YOUR GOAL:
Give back the lines below verbatim, omitting all pictures.

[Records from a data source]
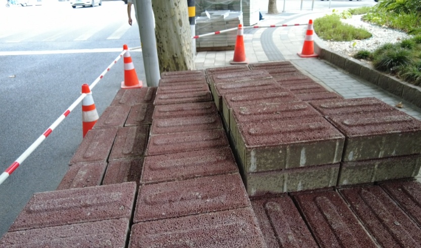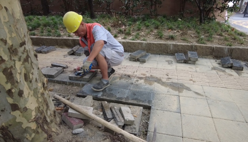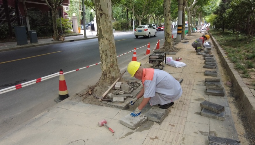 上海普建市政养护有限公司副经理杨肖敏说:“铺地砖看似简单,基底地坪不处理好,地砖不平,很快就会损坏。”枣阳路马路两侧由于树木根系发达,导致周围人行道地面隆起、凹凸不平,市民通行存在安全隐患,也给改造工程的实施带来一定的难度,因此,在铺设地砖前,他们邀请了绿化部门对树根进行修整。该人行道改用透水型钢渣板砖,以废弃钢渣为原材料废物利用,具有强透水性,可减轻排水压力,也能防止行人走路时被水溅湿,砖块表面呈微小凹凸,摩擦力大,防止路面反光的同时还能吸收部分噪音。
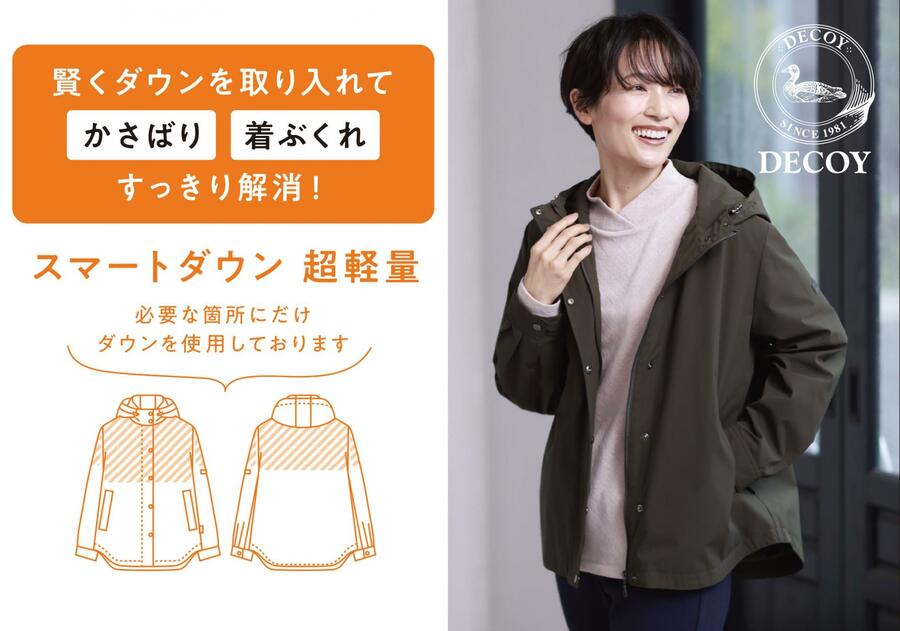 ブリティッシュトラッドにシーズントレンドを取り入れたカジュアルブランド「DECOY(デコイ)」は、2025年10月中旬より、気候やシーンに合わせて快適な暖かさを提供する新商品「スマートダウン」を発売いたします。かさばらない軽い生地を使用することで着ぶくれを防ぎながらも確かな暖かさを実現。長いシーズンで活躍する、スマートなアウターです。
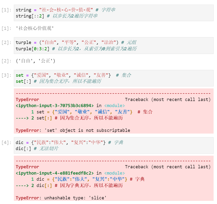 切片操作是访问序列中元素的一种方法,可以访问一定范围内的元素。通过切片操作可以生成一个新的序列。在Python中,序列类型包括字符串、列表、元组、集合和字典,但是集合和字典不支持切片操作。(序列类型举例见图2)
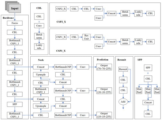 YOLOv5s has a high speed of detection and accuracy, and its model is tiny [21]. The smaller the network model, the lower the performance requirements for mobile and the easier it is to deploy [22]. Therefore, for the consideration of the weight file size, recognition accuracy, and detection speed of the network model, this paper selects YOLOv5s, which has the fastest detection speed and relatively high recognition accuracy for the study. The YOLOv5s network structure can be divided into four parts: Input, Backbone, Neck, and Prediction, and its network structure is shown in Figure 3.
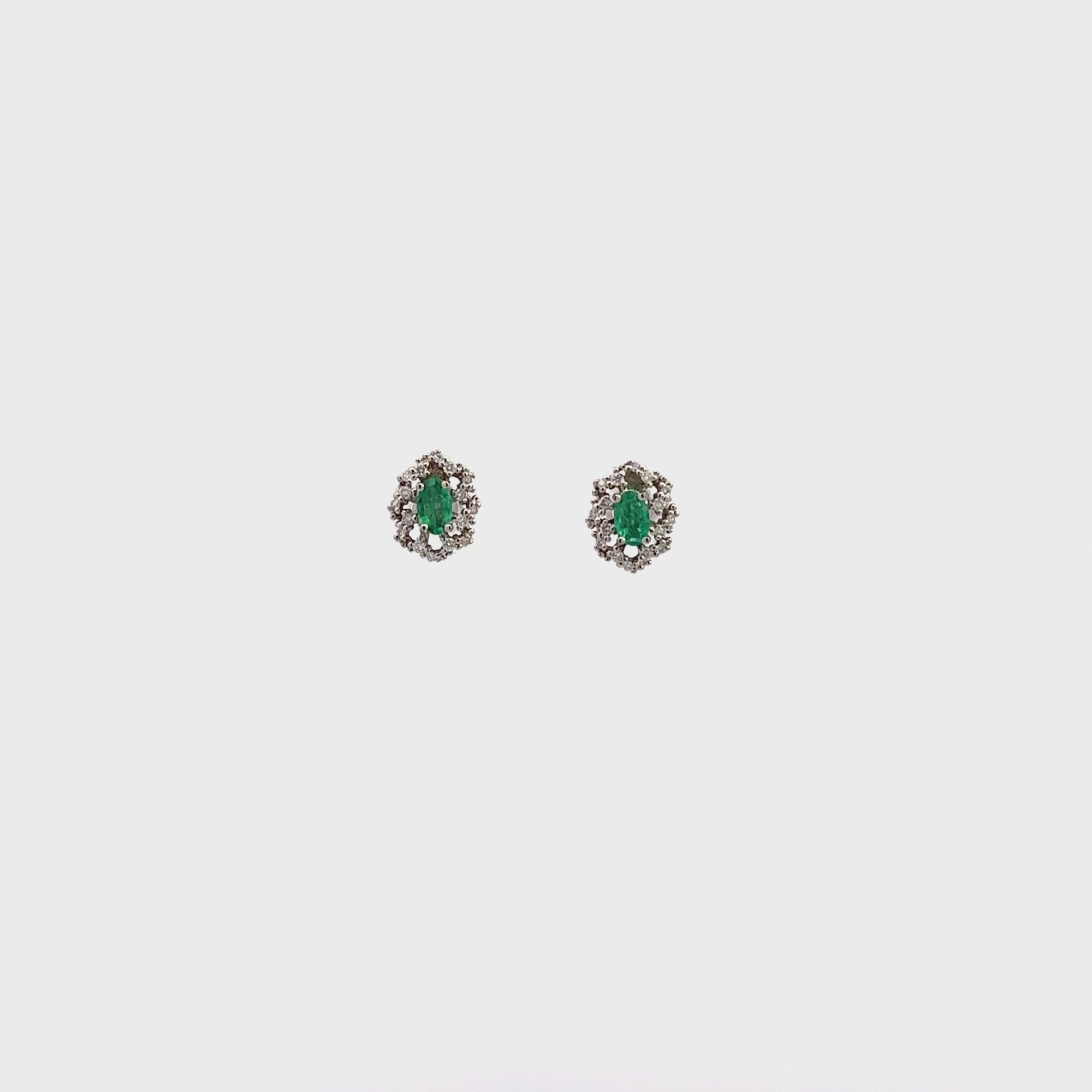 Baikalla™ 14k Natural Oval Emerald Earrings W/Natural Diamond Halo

COMPLETED EXERCISE:
 上海普建市政养护有限公司副经理杨肖敏说:“铺地砖看似简单,基底地坪不处理好,地砖不平,很快就会损坏。”枣阳路马路两侧由于树木根系发达,导致周围人行道地面隆起、凹凸不平,市民通行存在安全隐患,也给改造工程的实施带来一定的难度,因此,在铺设地砖前,他们邀请了绿化部门对树根进行修整。该人行道改用透水型钢渣板砖,以废弃钢渣为原材料废物利用,具有强透水性,可减轻排水压力,也能防止行人走路时被水溅湿,砖块表面呈微小凹凸,摩擦力大,防止路面反光的同时还能吸收部分噪音。
 ブリティッシュトラッドにシーズントレンドを取り入れたカジュアルブランド「DECOY(デコイ)」は、2025年10月中旬より、気候やシーンに合わせて快適な暖かさを提供する新商品「スマートダウン」を発売いたします。かさばらない軽い生地を使用することで着ぶくれを防ぎながらも確かな暖かさを実現。長いシーズンで活躍する、スマートなアウターです。
 切片操作是访问序列中元素的一种方法,可以访问一定范围内的元素。通过切片操作可以生成一个新的序列。在Python中,序列类型包括字符串、列表、元组、集合和字典,但是集合和字典不支持切片操作。(序列类型举例见图2)
 YOLOv5s has a high speed of detection and accuracy, and its model is tiny [21]. The smaller the network model, the lower the performance requirements for mobile and the easier it is to deploy [22]. Therefore, for the consideration of the weight file size, recognition accuracy, and detection speed of the network model, this paper selects YOLOv5s, which has the fastest detection speed and relatively high recognition accuracy for the study. The YOLOv5s network structure can be divided into four parts: Input, Backbone, Neck, and Prediction, and its network structure is shown in Figure 3.
 Baikalla™ 14k Natural Oval Emerald Earrings W/Natural Diamond Halo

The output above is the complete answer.